Quality score — recent success rate and latency from the 1-hour metrics window multiply each provider's capacity weight.

The routing.quality hint shifts the complexity tier up or down. The routing.prefer hint doubles a named provider's weight. Experimental filters (maxCost, maxLatency, excludeProviders) trim the candidate set before selection.

Adaptive exploration sends ~5% of requests to a non-preferred provider to discover performance changes. The exploration rate doubles when any provider shows degraded performance (>20% error rate or >5s latency in the 5-minute window).

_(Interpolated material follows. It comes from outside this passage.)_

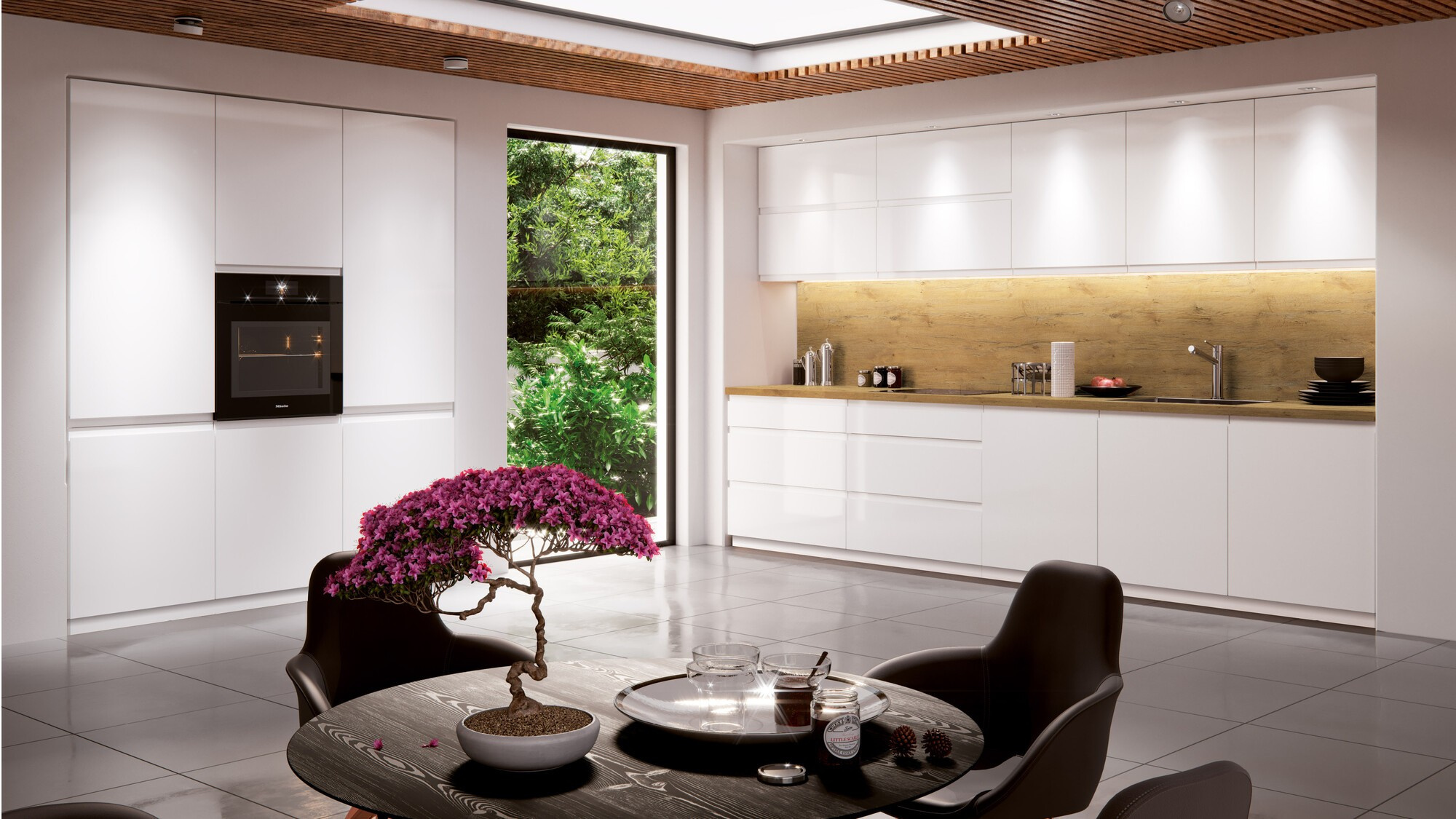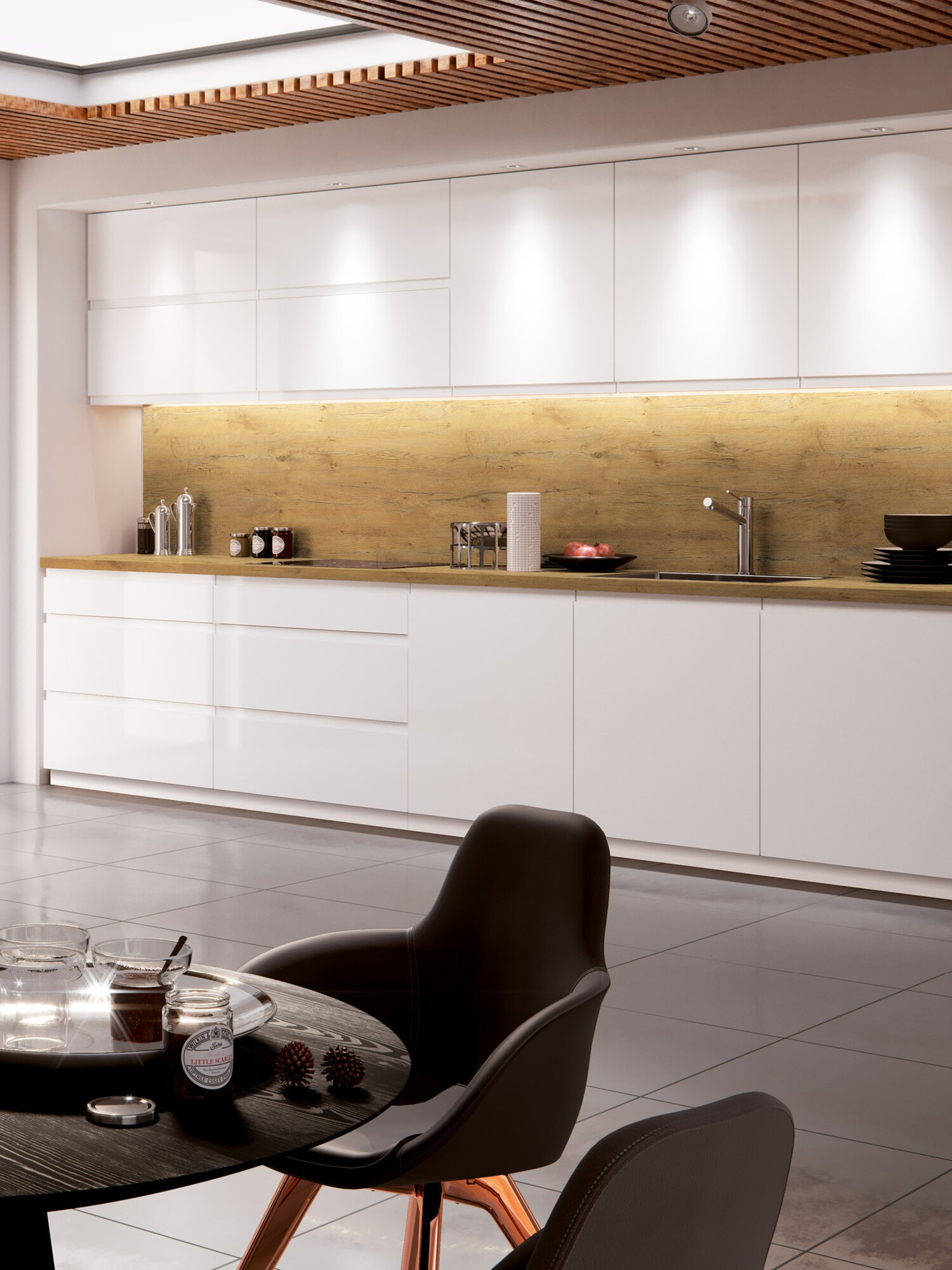 A ASPEN modern konyhabútor kiváló minőségű laminált anyagból készült, MDF ajtókkal kombinálva, amelyek magas fényű lakkozással vannak ellátva.

If the selected provider fails, the gateway falls back to the next available provider. Each completion is recorded on-chain via the CompletionLedger.

SDK integration

typescript

import { route } from '@puraxyz/sdk'

const result = await route({
  apiKey: 'pura_your_key',
  messages: [{ role: 'user', content: 'What is BPE?' }],
})

console.log(result.content)
console.log(result.provider)     // "openai" or "anthropic"
console.log(result.requestId)    // on-chain receipt id

Or use the OpenAI SDK directly:

typescript

import OpenAI from 'openai'

const client = new OpenAI({ baseURL: 'https://api.pura.xyz/v1', apiKey: 'pura_your_key' })
const completion = await client.chat.completions.create({
  model: 'gpt-4o-mini',
  messages: [{ role: 'user', content: 'hello' }],
})

CORS

The gateway supports CORS for browser-based clients. Allowed origins, methods, and headers are configured to support standard fetch API usage.